All IPs > Graphic & Peripheral > Interrupt Controller
In modern electronic systems, managing and prioritizing multiple tasks and processes effectively is crucial. An interrupt controller plays a pivotal role in this by managing the interrupts that require the processor’s attention immediately. This category of semiconductor IPs provides essential functionalities to handle various interrupts efficiently, ensuring that electronic devices operate smoothly and responsively.
Interrupt controller semiconductor IPs are integral components within microcontrollers, microprocessors, and system-on-chips (SoCs). They help in orchestrating seamless communication between the processor and peripheral devices by managing interrupt signals. These IPs allow for the prioritization and queuing of interrupt requests, ensuring that critical tasks are addressed promptly. The efficient operations of multimedia devices, network processors, and graphic subsystems often rely on sophisticated interrupt controllers to handle INTERRUPTs with minimal latency.
The products within this category are designed to enhance performance, reliability, and power efficiency of electronic devices. In complex devices where multiple peripheral components are integrated, such as smartphones and tablets, or in high-performance computing systems, interrupt controllers ensure that system resources are used optimally without unnecessary delays. Developers can select from a variety of interrupt controller semiconductor IPs tailored to different applications, ranging from simple designs for low-power devices to advanced solutions for high-performance systems.
Moreover, these semiconductor IPs are vital for developers seeking to build scalable systems able to handle increased processing demands. By employing robust interrupt control mechanisms, systems can be built to adapt to a range of operational conditions, enhancing both user experience and system longevity. Thus, the right choice of interrupt controller IP can significantly influence the overall efficiency and effectiveness of electronic products across various industries.
The Chipchain C100 is a pioneering solution in IoT applications, providing a highly integrated single-chip design that focuses on low power consumption without compromising performance. Its design incorporates a powerful 32-bit RISC-V CPU which can reach speeds up to 1.5GHz. This processing power ensures efficient and capable computing for diverse IoT applications. This chip stands out with its comprehensive integrated features including embedded RAM and ROM, making it efficient in both processing and computing tasks. Additionally, the C100 comes with integrated Wi-Fi and multiple interfaces for transmission, broadening its application potential significantly. Other notable features of the C100 include an ADC, LDO, and a temperature sensor, enabling it to handle a wide array of IoT tasks more seamlessly. With considerations for security and stability, the Chipchain C100 facilitates easier and faster development in IoT applications, proving itself as a versatile component in smart devices like security systems, home automation products, and wearable technology.

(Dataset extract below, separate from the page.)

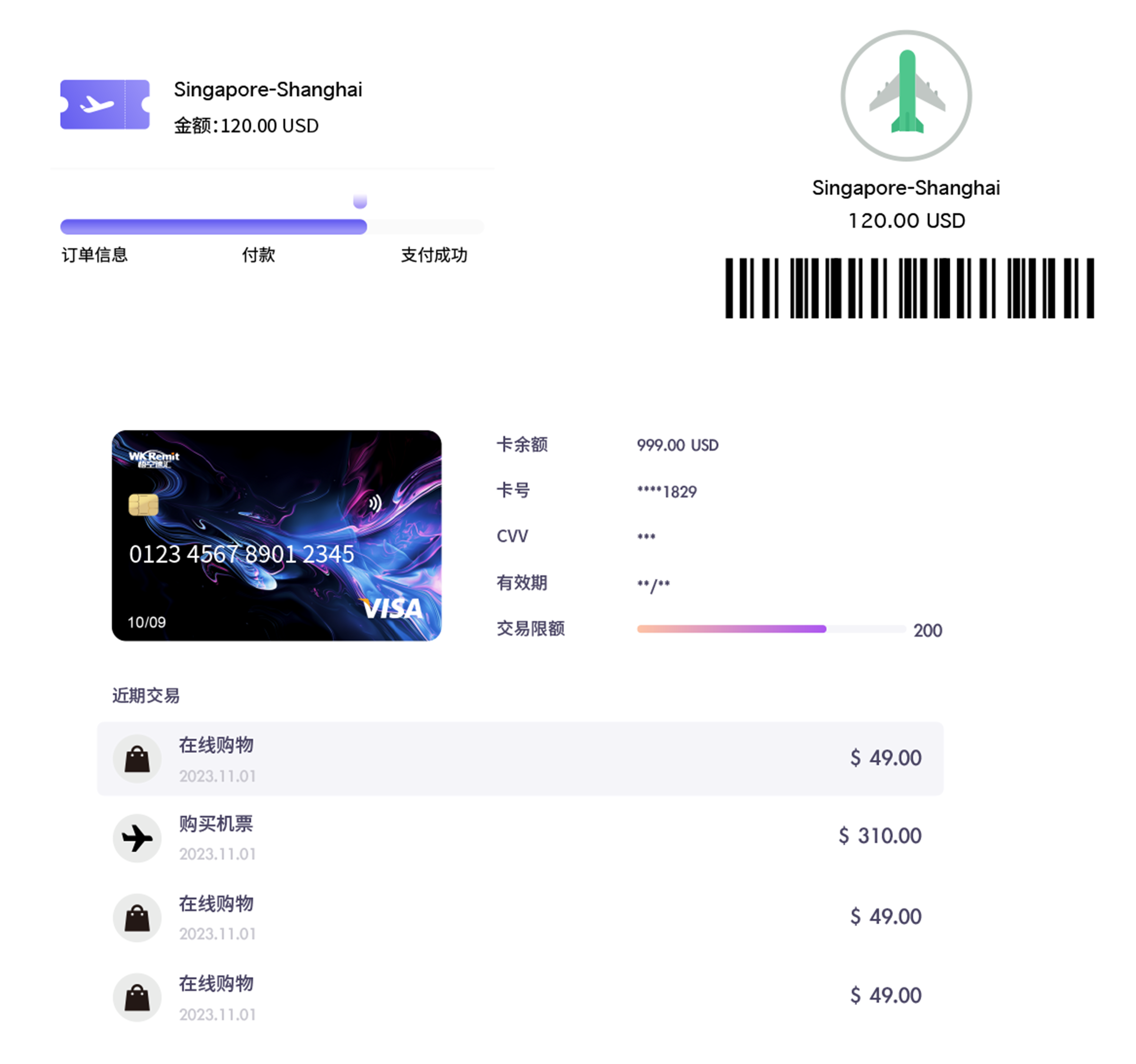 悟空速汇携手卡组及发卡机构,合作推出虚拟信用卡,可支持MasterCard、 Visa的线上商户消费,为全球客户提供一站式付款解决方案,实现企业采购、数字经济支出、海外出行、定期支付等多种场景的支付需求。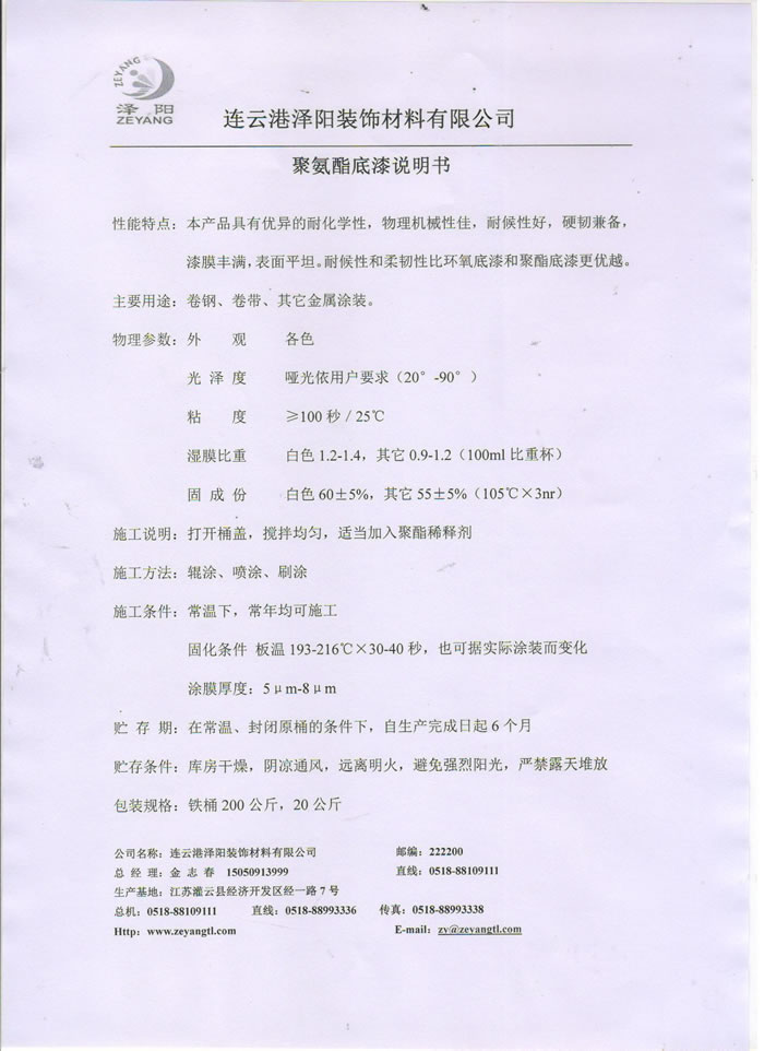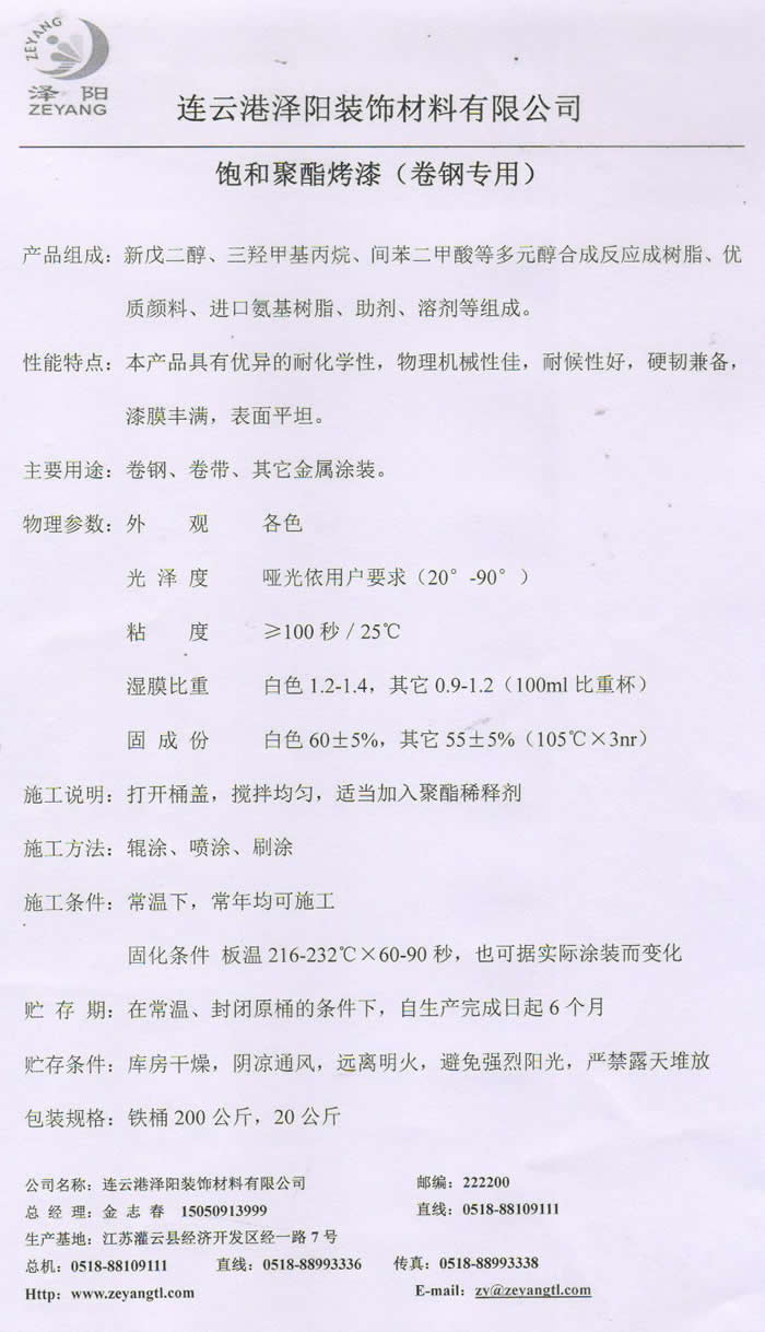销售热线Tel:0518-88993336/88993111 Fax:0518-88993338/88993222 邮编:222200 E-mail:zy@zeyangtl.com

ISPido on the VIP Board is tailored for Lattice Semiconductors' Video Interface Platform, providing a runtime solution optimized for delivering crisp, balanced images in real-time. This solution offers two primary configurations: automatic deployment for optimal settings instantly upon startup, and a manual, menu-driven interface allowing users to fine-tune settings such as gamma tables and convolution filters. Utilizing the CrossLink VIP Input Bridge with Sony IMX 214 sensors and an ECP5-85 FPGA, it provides HD output in HDMI YCrCb format, ensuring high-quality image resolution and real-time calibration.
The iCan PicoPop® is a highly compact System on Module (SOM) based on the Zynq UltraScale+ MPSoC from Xilinx, suited for high-performance embedded applications in aerospace. Known for its advanced signal processing capabilities, it is particularly effective in video processing contexts, offering efficient data handling and throughput. Its compact size and performance make it ideal for integration into sophisticated systems where space and performance are critical.
ISPido offers a comprehensive set of IP cores focused on high-resolution image signal processing and tuning across multiple devices and platforms, including CPU, GPU, VPU, FPGA, and ASIC technologies. Its flexibility is a standout feature, accommodating ultra-low power devices as well as systems exceeding 8K resolution. Designed for devices where power efficiency and high-quality image processing are paramount, ISPido adapts to a range of hardware architectures to deliver optimal image quality and processing capabilities. The IP has been widely adopted in various applications, making it a cornerstone for industries requiring advanced image calibration and processing capabilities.
Sentire Radar systems by IMST are cutting-edge solutions for precise radar sensing and measurements. They provide accurate distance and speed assessments for various applications, using high-frequency circuits and advanced signal processing techniques. Ideal for autonomous navigation, industrial measurement, and surveillance, Sentire Radar systems are equipped with multi-channel antennas and powerful processing boards that manage radar deployment effectively. These units are adept at classifying targets and can integrate with AI technologies for enhanced decision-making capabilities.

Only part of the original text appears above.